Вот так просто ответить на ходу — было разменно, недостойно. Саня улыбался смущённо:

— Да понимаете... Н-не: сидится... на хуторе...

Она вздрогнула откинутой головой, как лошадь, увидевшая круто вниз, и напряглась, уже за обе руки спасая его:

— Да вы... не... ли... до-бро-вольно?..

Правда, они встречались раньше, даже не уговариваясь. Со скрытой надеждой ученица городского училища выходила к вечеру на главный бульвар Пятигорска, и вот ей навстречу шёл уже знакомый, на три года старше, гимназист.

А встретясь, они рассуждали. Их встречи были серьёзные умные разговоры, для Вари очень важные: Варя никогда никого не помнила старшего близкого. Даже когда темнело, наставницы и наставники увидеть их не могли, и Сане вполне было уместно взять Варю под руку, — он не брал. И она особенно уважала его за такую серьёзность. (Хотя, пусть бы меньше уважала).

Позже, переведясь в гимназию, она стала встречать Саню и на ученических балах и других собраниях, но и там больше рассуждали, а не танцевали никогда. Саня говорил, что объятия вальса создают желания, ещё не подготовленные истинным развитием чувства, и граф Толстой полагает в этом дурное. Подчиняясь его мягким разъяснениям, уверилась и Варя, что танцевать не хочет.

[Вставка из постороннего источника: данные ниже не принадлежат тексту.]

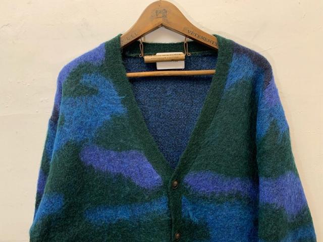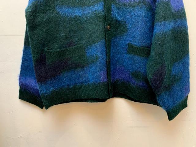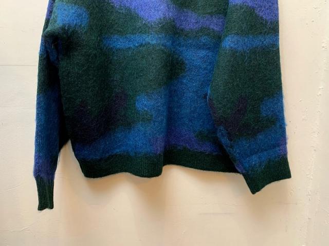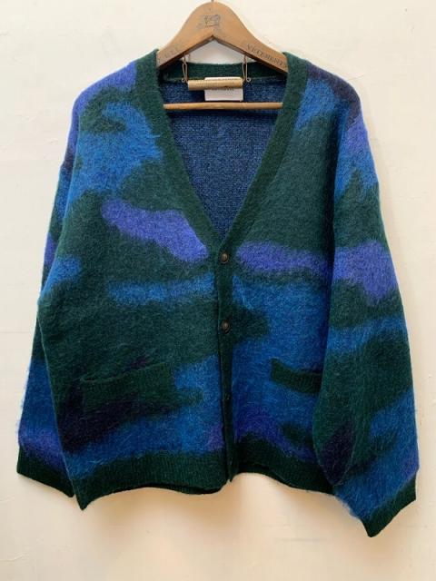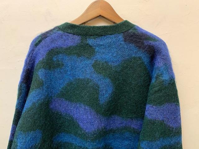 膨らみのあるモヘア混の糸を使用したニットカーディガン。表面に少し起毛をかけることで温かみとシャギー感を表現しました。自由なカラー配色で表現したカモフラージュ柄は、シンプルになりがちな秋冬コーディネートのアクセントにおすすめの1枚です。
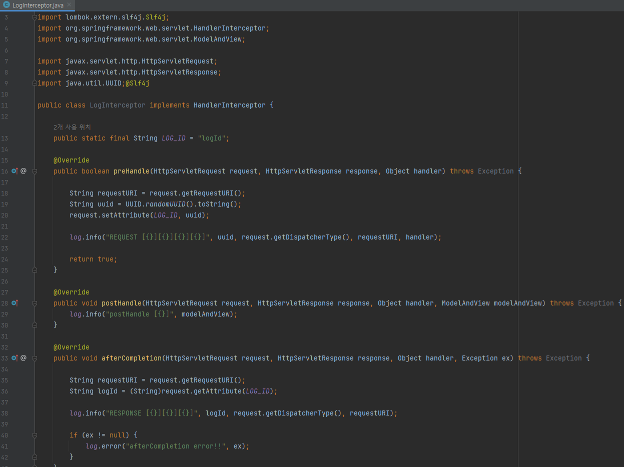 인터셉터와 중복으로 처리되지 않기 위해 앞의 logFilter()의 @Bean에 주석을 달아두자.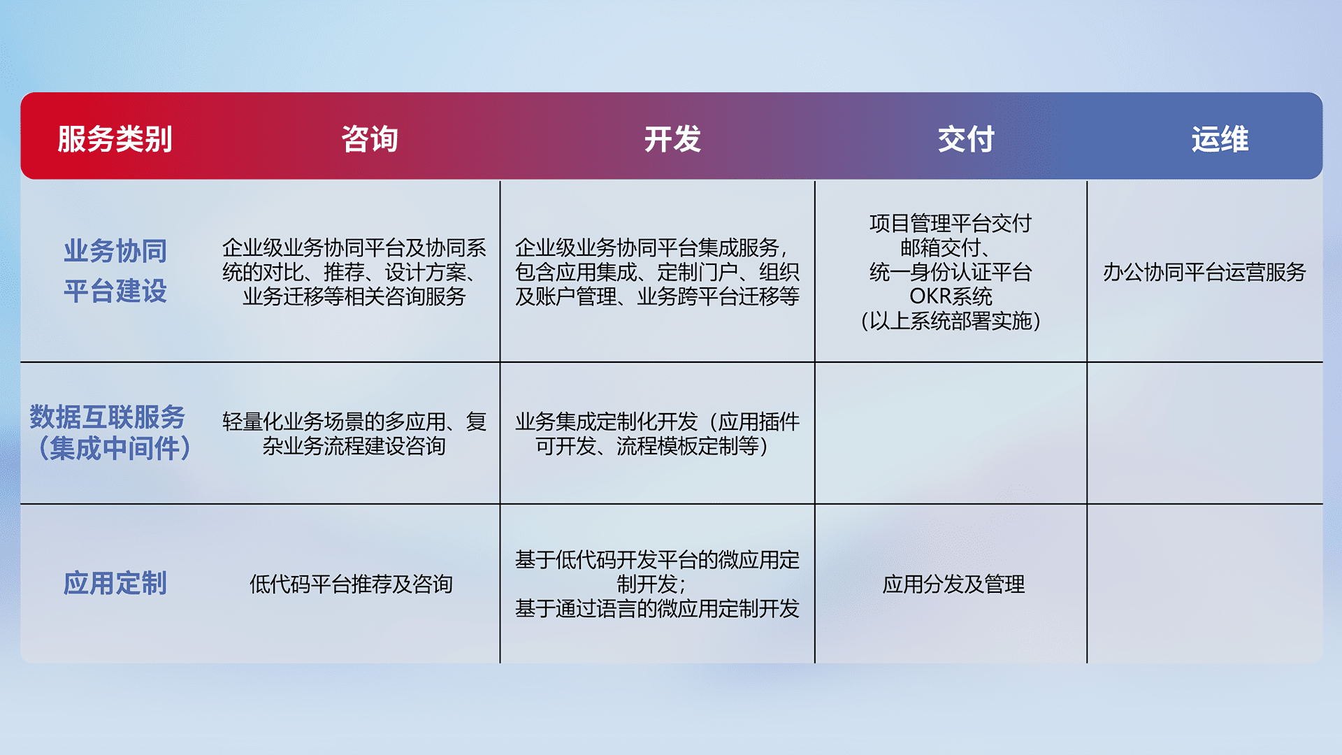 针对钉钉、、、企微、、IDaas等平台级产品提供产品的规划、、、、方案、、交付、、定制化开发等服务,,,实现如统一协同办公、、、智能客户服务、、混合会议管理、、、、智能数据查询、、等业务场景,,,实现数字化转型。。。

И ещё потом сохранялась между ними переписка, очень разумные письма писал он. Хотя в Петербурге на курсах далеко расширился варин кругозор, и много умных людей знала она теперь, но и Саню вспоминала.

А когда три недели назад у себя на Васильевском Варя прочла наклеенный на тумбе царский манифест, потом трамваем переехала через Неву, а там, на Исаакиевской площади, патриоты громили германское посольство, били стёкла, выбрасывали в окна мебель, мрамор и проткнутые картины, свалили с кровли на тротуар огромных бронзовых коней, ведомых гигантами, и все люди вокруг возбуждённо радовались, будто пришла не война, но их долгожданное счастье, — в тот сметный миг, подле черно-коричневых колонн Исаакия, защемило у Вари повидать бы теперь Саню. Да проезжая мимо Исаакиевского собора она и всегда его вспоминала: не любя своего имени, Саня отшучивался, что Пётр Великий ему тёзка: тоже на Исаакия родился, отчего и собор, только императору облагозвучили имя, а степному мальчику нет.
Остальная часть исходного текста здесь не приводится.